Improving the accuracy of our machine learning WAF using data augmentation and sampling

Company

Cloudflare

Date Published

Sept. 5, 2022

Author

Vikram Grover

Word count

2660

Language

English

Hacker News points

None

URL

blog.cloudflare.com/data-generation-and-sampling-strategies

Summary

Cloudflare developed a machine learning based Web Application Firewall (WAF) solution to enhance security and performance for its customers. The WAF analyzes HTTP requests to identify potential malicious content or intent, protecting against common attack vectors such as cross-site-scripting (XSS), file inclusion, and SQL injection. To overcome the challenge of obtaining high quality labeled data, Cloudflare employed data augmentation and generation techniques. These methods allowed them to create a diverse dataset covering various malicious samples for all attack categories, benign samples, and obfuscation techniques. Data augmentation involved generating artificial but realistic data by studying statistical distributions of existing real-world data. The use of pseudo-random noise samples was particularly effective in improving the model's performance.
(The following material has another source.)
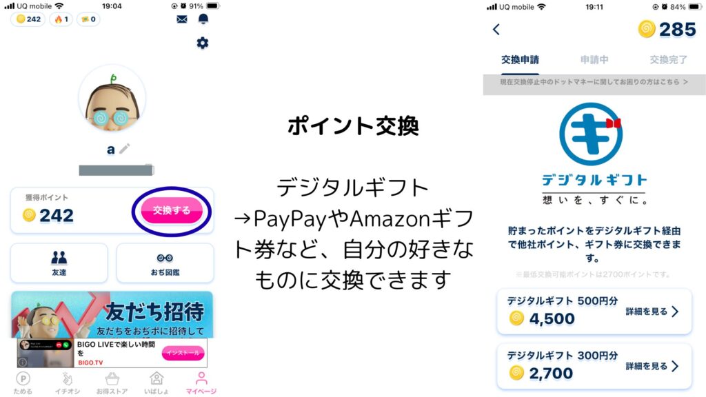 貯めたポイントはPayPayやギフト券などに交換可能です。

By creating a series of token sampling distributions that made it increasingly difficult for the model to distinguish them from a real payload, they were able to significantly reduce false positives and improve overall robustness. After implementing data augmentation techniques, the machine learning WAF demonstrated comparable performance to Cloudflare's signature-based WAF, with particular strengths in handling highly obfuscated or irregularly fuzzed content. The results showed a significant improvement in model performance, as indicated by an F1 score of 0.99 after augmentation compared to 0.61 before. In conclusion, data augmentation and generation techniques played a crucial role in improving the machine learning WAF's performance and inducing the right set of properties. Cloudflare plans to further investigate autoregressive language models for generating synthetic pseudo-valid payloads in the future.